(Stored data begins)

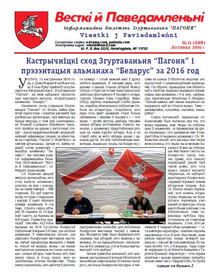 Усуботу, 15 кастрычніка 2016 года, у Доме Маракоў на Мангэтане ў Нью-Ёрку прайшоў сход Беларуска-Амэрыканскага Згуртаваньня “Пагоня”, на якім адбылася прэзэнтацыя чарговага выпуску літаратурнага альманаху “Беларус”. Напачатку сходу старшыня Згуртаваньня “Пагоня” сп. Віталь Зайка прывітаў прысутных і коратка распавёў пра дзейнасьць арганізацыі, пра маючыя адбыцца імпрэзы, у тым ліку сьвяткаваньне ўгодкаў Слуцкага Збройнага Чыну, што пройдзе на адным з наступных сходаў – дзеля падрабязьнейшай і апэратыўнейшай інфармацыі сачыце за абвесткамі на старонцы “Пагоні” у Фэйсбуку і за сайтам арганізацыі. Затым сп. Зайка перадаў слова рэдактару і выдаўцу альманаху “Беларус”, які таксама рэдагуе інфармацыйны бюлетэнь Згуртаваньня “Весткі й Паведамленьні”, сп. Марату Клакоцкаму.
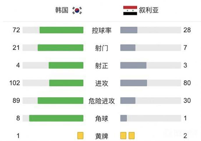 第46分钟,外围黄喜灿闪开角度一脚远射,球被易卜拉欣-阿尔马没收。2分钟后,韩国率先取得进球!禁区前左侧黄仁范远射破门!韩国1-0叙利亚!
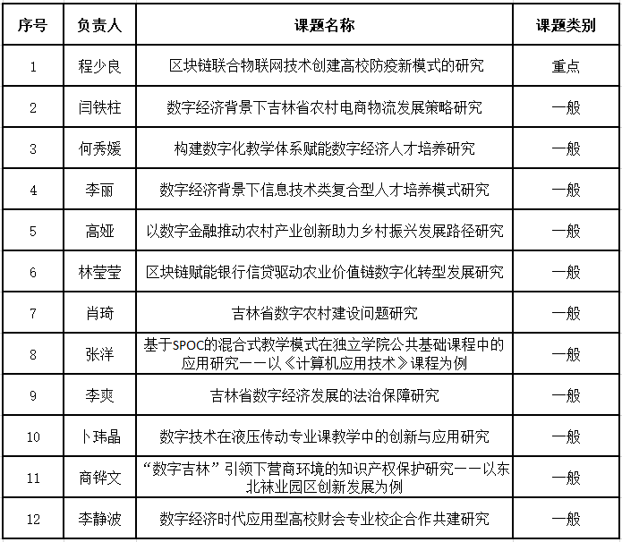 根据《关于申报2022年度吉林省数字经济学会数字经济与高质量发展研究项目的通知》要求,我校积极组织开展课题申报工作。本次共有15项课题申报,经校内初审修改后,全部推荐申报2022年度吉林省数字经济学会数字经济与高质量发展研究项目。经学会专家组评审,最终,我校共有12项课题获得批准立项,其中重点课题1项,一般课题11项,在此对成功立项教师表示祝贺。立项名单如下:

(Stored data ends)

:: What needs to be done ::
Write out each line again, exactly as it appears above, except for any picture.

:: Result of this exercise ::
 Усуботу, 15 кастрычніка 2016 года, у Доме Маракоў на Мангэтане ў Нью-Ёрку прайшоў сход Беларуска-Амэрыканскага Згуртаваньня “Пагоня”, на якім адбылася прэзэнтацыя чарговага выпуску літаратурнага альманаху “Беларус”. Напачатку сходу старшыня Згуртаваньня “Пагоня” сп. Віталь Зайка прывітаў прысутных і коратка распавёў пра дзейнасьць арганізацыі, пра маючыя адбыцца імпрэзы, у тым ліку сьвяткаваньне ўгодкаў Слуцкага Збройнага Чыну, што пройдзе на адным з наступных сходаў – дзеля падрабязьнейшай і апэратыўнейшай інфармацыі сачыце за абвесткамі на старонцы “Пагоні” у Фэйсбуку і за сайтам арганізацыі. Затым сп. Зайка перадаў слова рэдактару і выдаўцу альманаху “Беларус”, які таксама рэдагуе інфармацыйны бюлетэнь Згуртаваньня “Весткі й Паведамленьні”, сп. Марату Клакоцкаму.
 第46分钟,外围黄喜灿闪开角度一脚远射,球被易卜拉欣-阿尔马没收。2分钟后,韩国率先取得进球!禁区前左侧黄仁范远射破门!韩国1-0叙利亚!
 根据《关于申报2022年度吉林省数字经济学会数字经济与高质量发展研究项目的通知》要求,我校积极组织开展课题申报工作。本次共有15项课题申报,经校内初审修改后,全部推荐申报2022年度吉林省数字经济学会数字经济与高质量发展研究项目。经学会专家组评审,最终,我校共有12项课题获得批准立项,其中重点课题1项,一般课题11项,在此对成功立项教师表示祝贺。立项名单如下:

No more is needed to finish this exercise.